Duplicate Record Match¶
Duplicate Record Match resides in L2/demos/text/dup_match
directory and is to achieve the function of duplicate recoed matching, which includes modules such as Index, Predicate, Pair, Score, Cluster, etc.
Dataset¶
- Input file: Randomly generate 10,000,000 lines (about 1GB) of csv file similar to L2/demos/text/dup_match/data/test.csv as test input file.
- The Demo execute time 8,215.56 s.
- Baseline (Dedupe Python: https://github.com/dedupeio/dedupe) execute time 35,030.751 s
- Accelaration Ratio: 5.1X
Note
Executable Usage¶
- Work Directory(Step 1)
The steps for library download and environment setup can be found in Vitis Data Analytics Library. For getting the design,
cd L2/demos/text/dup_match
- Build kernel(Step 2)
Run the following make command to build your XCLBIN and host binary targeting a specific device. Please be noticed that this process will take a long time, maybe couple of hours.
make run TARGET=hw DEVICE=xilinx_u50_gen3x16_xdma_201920_3 HOST_ARCH=x86
- Run kernel(Step 3)
To get the benchmark results, please run the following command.
./build_dir.hw.xilinx_u50_gen3x16_xdma_201920_3/host.exe -xclbin ./build_dir.hw.xilinx_u50_gen3x16_xdma_201920_3/TGP_Kernel.xclbin -in ./data/test.csv -golden ./data/golden.txt
Duplicate Record Match Input Arguments:
Usage: host.exe -xclbin <xclbin_name> -in <input data> -golden <golden data> -xclbin: the kernel name -in : input data -golden: golden data
- Example output(Step 4)
---------------------Duplicate Record Matching Flow----------------- DupMatch::run... TwoGramPredicate: column map size=14 threshold=1000 tf_value_ size is 238, index count=14, term count=122, skip=0 config=15, 316 config=15, 301 Found Platform Platform Name: Xilinx Found Device=xilinx_u50_gen3x16_xdma_201920_3 INFO: Importing build_dir.hw.xilinx_u50_gen3x16_xdma_201920_3/TGP_Kernel.xclbin Loading: 'build_dir.hw.xilinx_u50_gen3x16_xdma_201920_3/TGP_Kernel.xclbin' kernel has been created kernel start------ threshold=1000 index count=11, term count=65, skip=0 threshold=1000 index count=14, term count=36, skip=0 CompoundPredicate: pair size=30 CompoundPredicate: pair size=30 CompoundPredicate: pair size=36 duplicate sets 10 DupMatch::run End Execution time 8.979s Pass validation. ------------------------------------------------------------
Profiling¶
The duplicate record match design is validated on Alveo U50 board at 270 MHz frequency. The hardware resource utilizations are listed in the following table.

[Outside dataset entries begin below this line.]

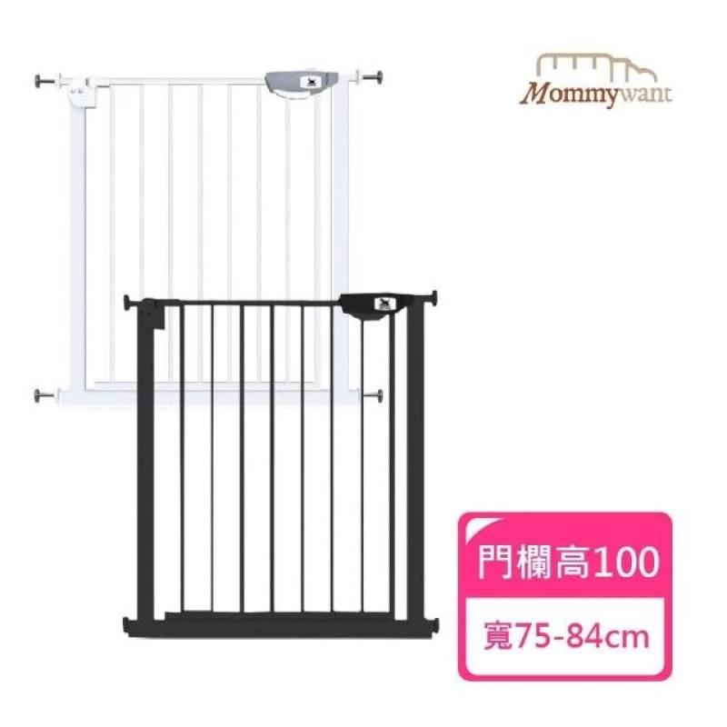 Momm-安全門欄(高100加寬款/無孔安裝/雙向自動回彈/樓梯圍欄/寵物門欄/狗門欄/柵欄/門擋/可延長款)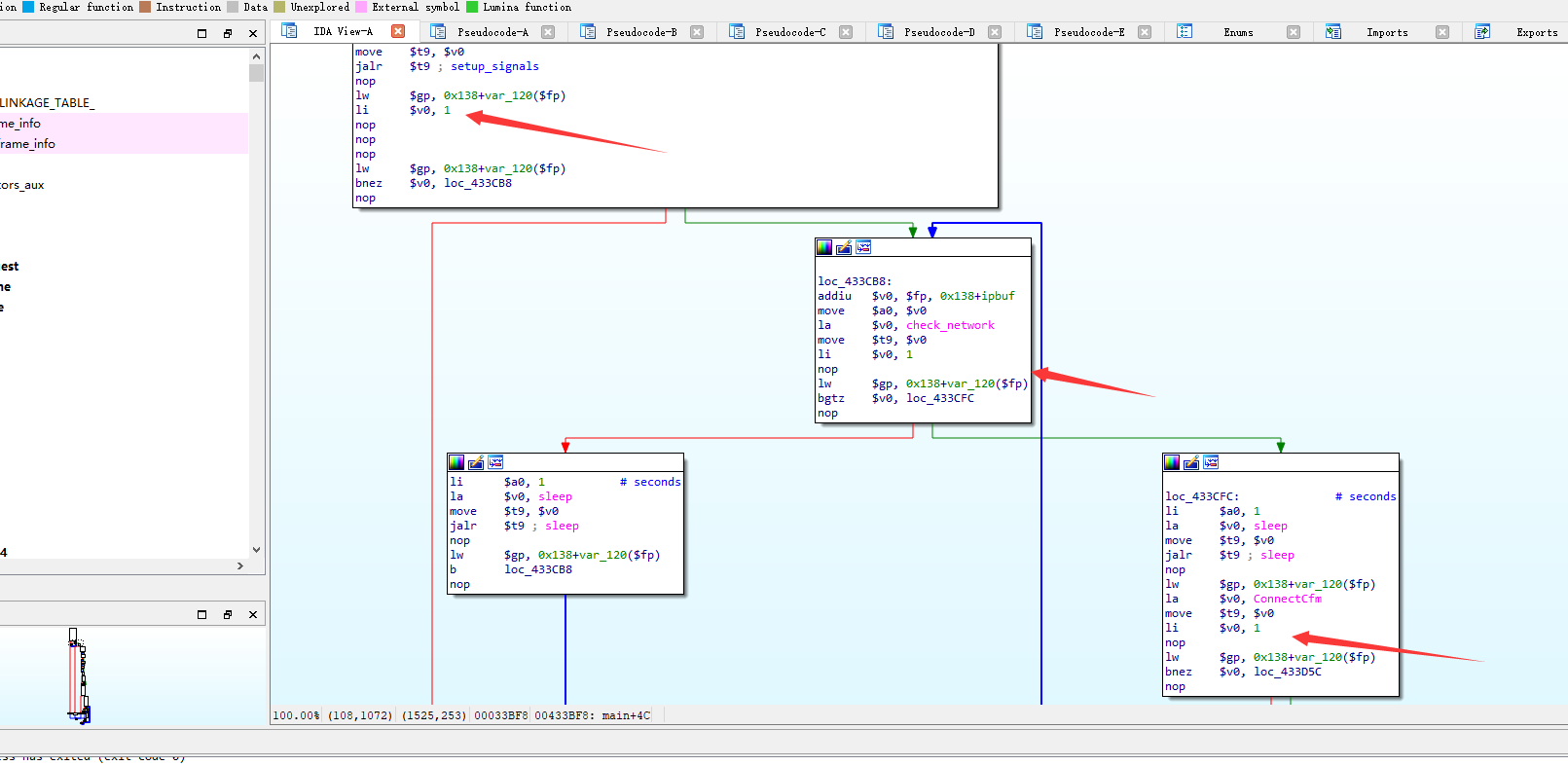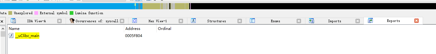 发现栈中有一个来自libc中的函数。我们在libc里面寻找__uClibc_main ,在export导出表找到了。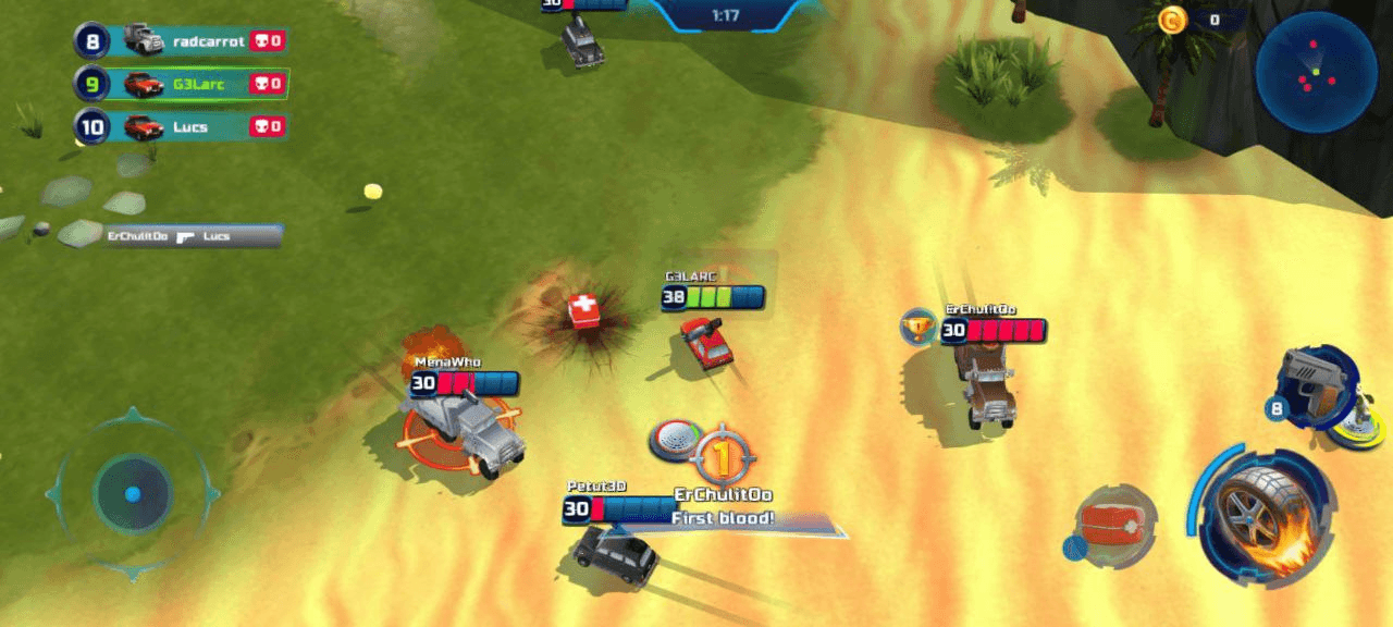 Combat itself still leans into frantic, high-energy destruction. The wait-and-attack strategy for finishing off low-health enemies still holds up, but with tougher opponents, you can’t just coast your way to easy kills. The reload time and damage output of weapons add another layer to the strategy, while your car itself can become a battering ram, adding to the sense of unbridled chaos. This game mode leans more towards casual, hectic fun than deep strategic play. Every match lasts about five minutes, making Battle Derby a great pick for quick, engaging sessions.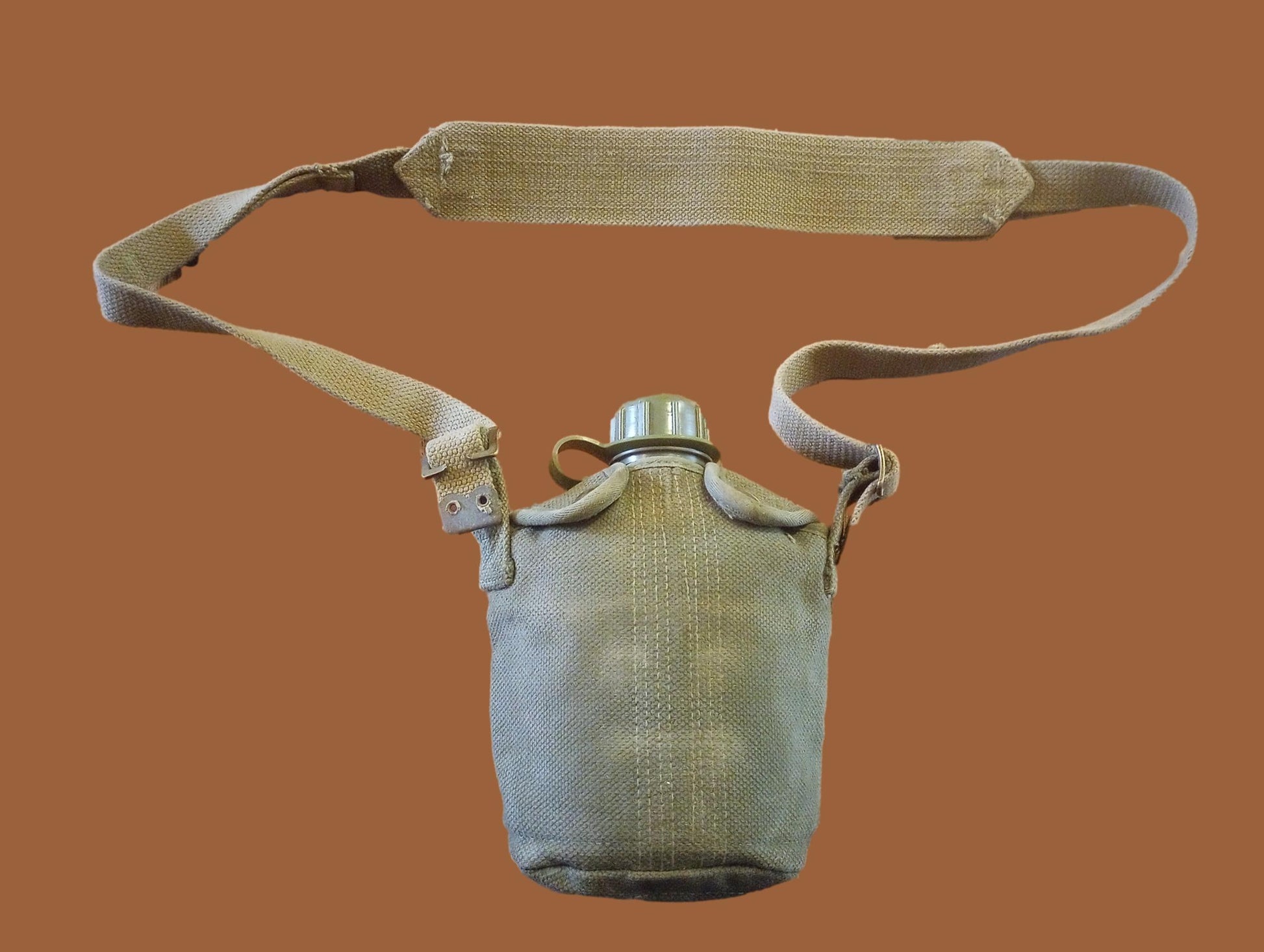 Belgian canteen and shoulder strap. Vintage cover is od green in color made of heavy duty cotton canvas material with two brass closure snaps wool blend pyle lined. Covers are 1950's 1960's vintage British made. Straps are P-37 Pattern British made and are 1940's -1950's vintage khaki in color. Canteens are new hdpe plastic 1 quart capacity modern era never used.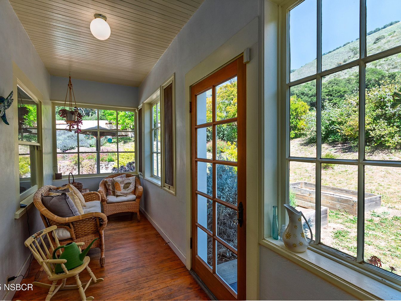 This sunroom features large, multi-paned windows flooding the space with natural light and offering views of the lush garden outside. A blend of earthy tones pervades the room, highlighted by warm wooden flooring and soft blue walls. A cozy wicker chair and a small table provide a welcoming seating area, adorned with plush cushions for comfort. A charming hanging plant adds a splash of green, complementing the outdoor scenery. The door, framed in wood, invites passage to the garden, enhancing the room’s connection to nature. Overall, the space exudes warmth and tranquility, perfect for relaxation.
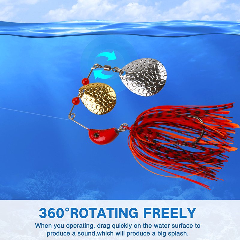 - COMPONENT: Spinner Baits come with double colorado blade enhance flash and vibration, Hand-tied silicon skirt, loop for line attachment, swinging head, also equipped with rolling swivel and hook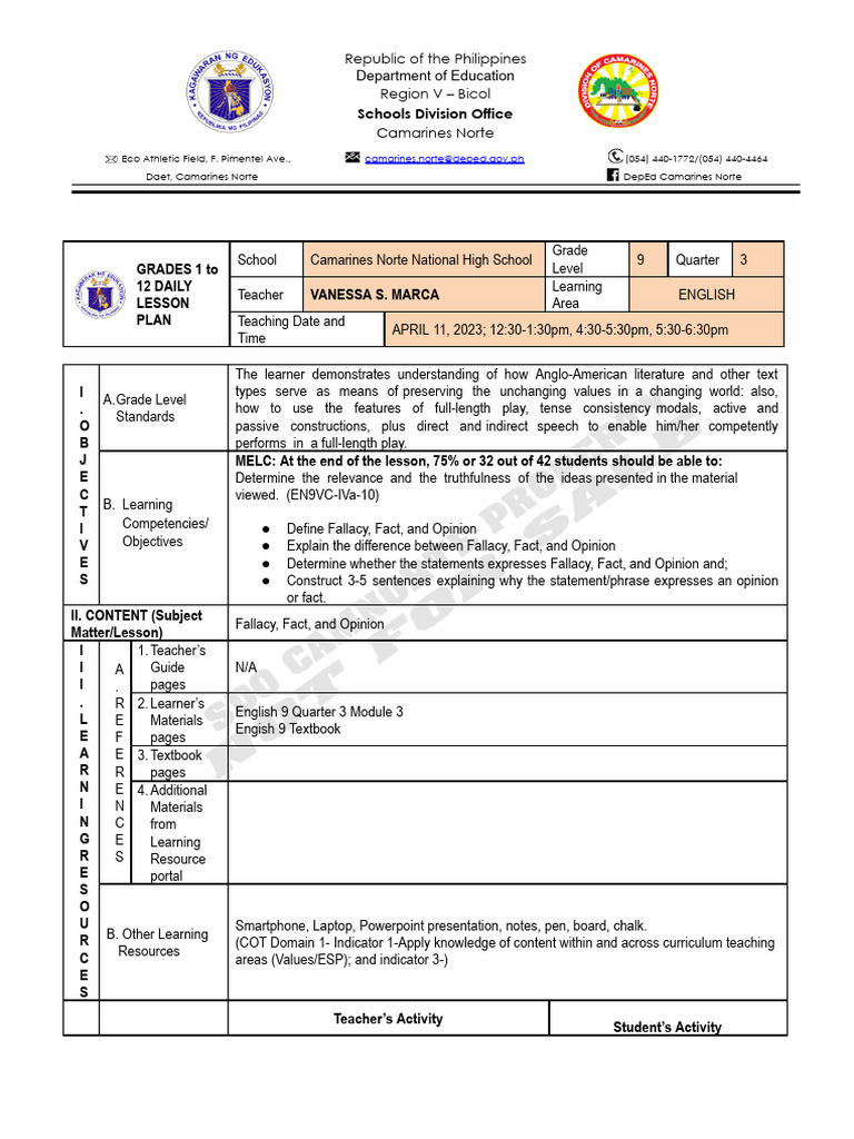 E ● Determine whether the statements expresses Fallacy, Fact, and Opinion and;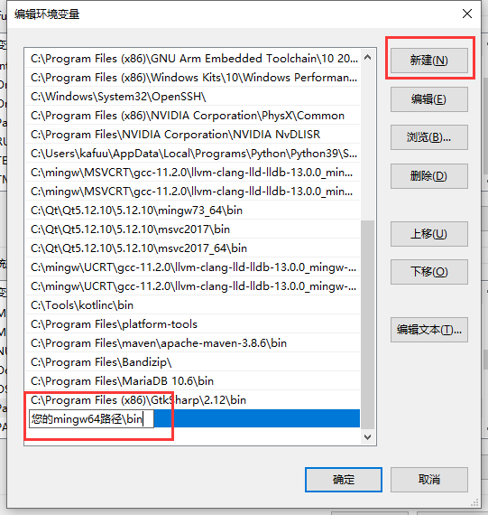 如果您的mingw64存储在C盘根目录下,则您要添加的路径为:C:\mingw64\bin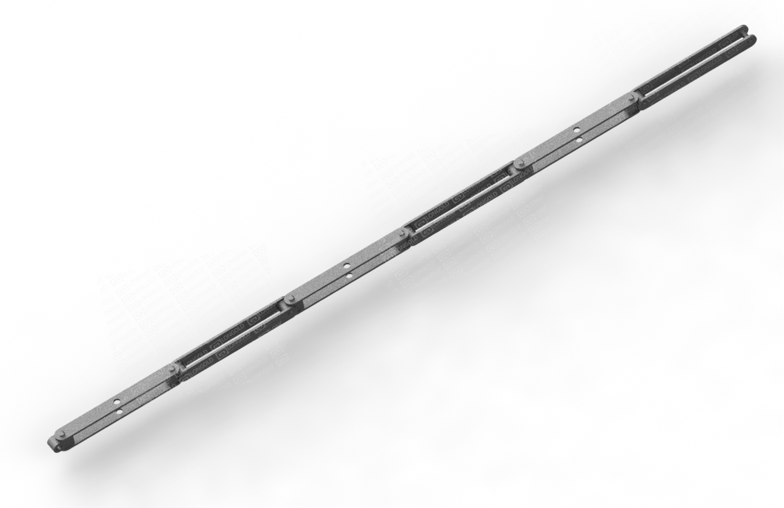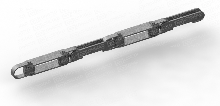 雙鉸接輸送鏈條設(shè)計(jì)用于能夠在空間范圍內(nèi)沿彎曲封閉軌道平穩(wěn)運(yùn)行的輸送系統(tǒng),常見于輕型封閉軌懸掛輸送機(jī)。它的結(jié)構(gòu)允許在多個(gè)方向上靈活移動(dòng),適用于復(fù)雜的輸送路線。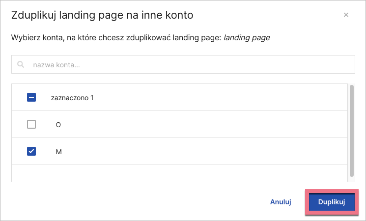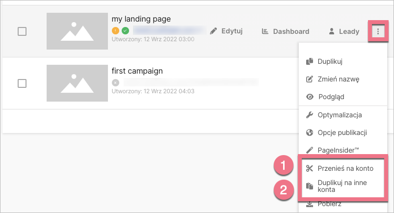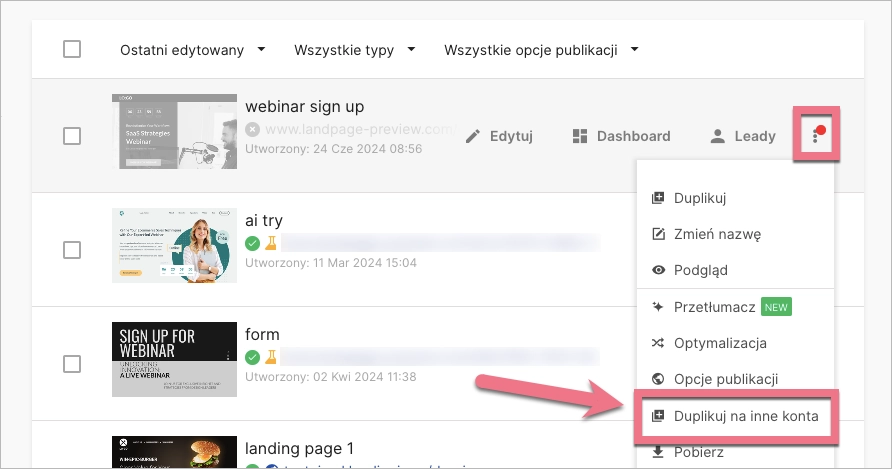 1. Na liście landing page’y kliknij w więcej, a następnie Duplikuj na inne konta.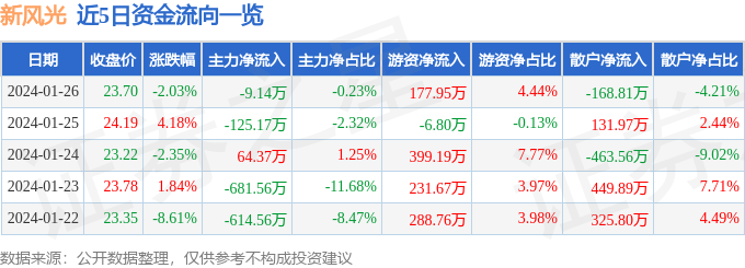 股票行情快报:新风光(688663)1月26日主力资金净卖出9.14万元

Name | LUT | BRAM | URAM | DSP |
Platform | 135778 | 180 | 0 | 4 |
TGP_Kernel | 272031 | 50 | 260 | 506 |
TGP_Kernel_1 | 135974 | 25 | 130 | 253 |
TGP_Kernel_2 | 136057 | 25 | 130 | 253 |
User Budget | 734238 | 1164 | 640 | 5936 |
Used Resources | 272031 | 50 | 260 | 506 |
Percentage | 37.05% | 4.30% | 40.63% | 8.52% |
- The performance is shown below.
- The input file is randomly generated 10,000,000 lines (about 1GB) of csv file similar to L2/demos/text/dup_match/data/test.csv as test input file. And its execute time is 8,215.56 s, so its throughput is 124.64 MB/s.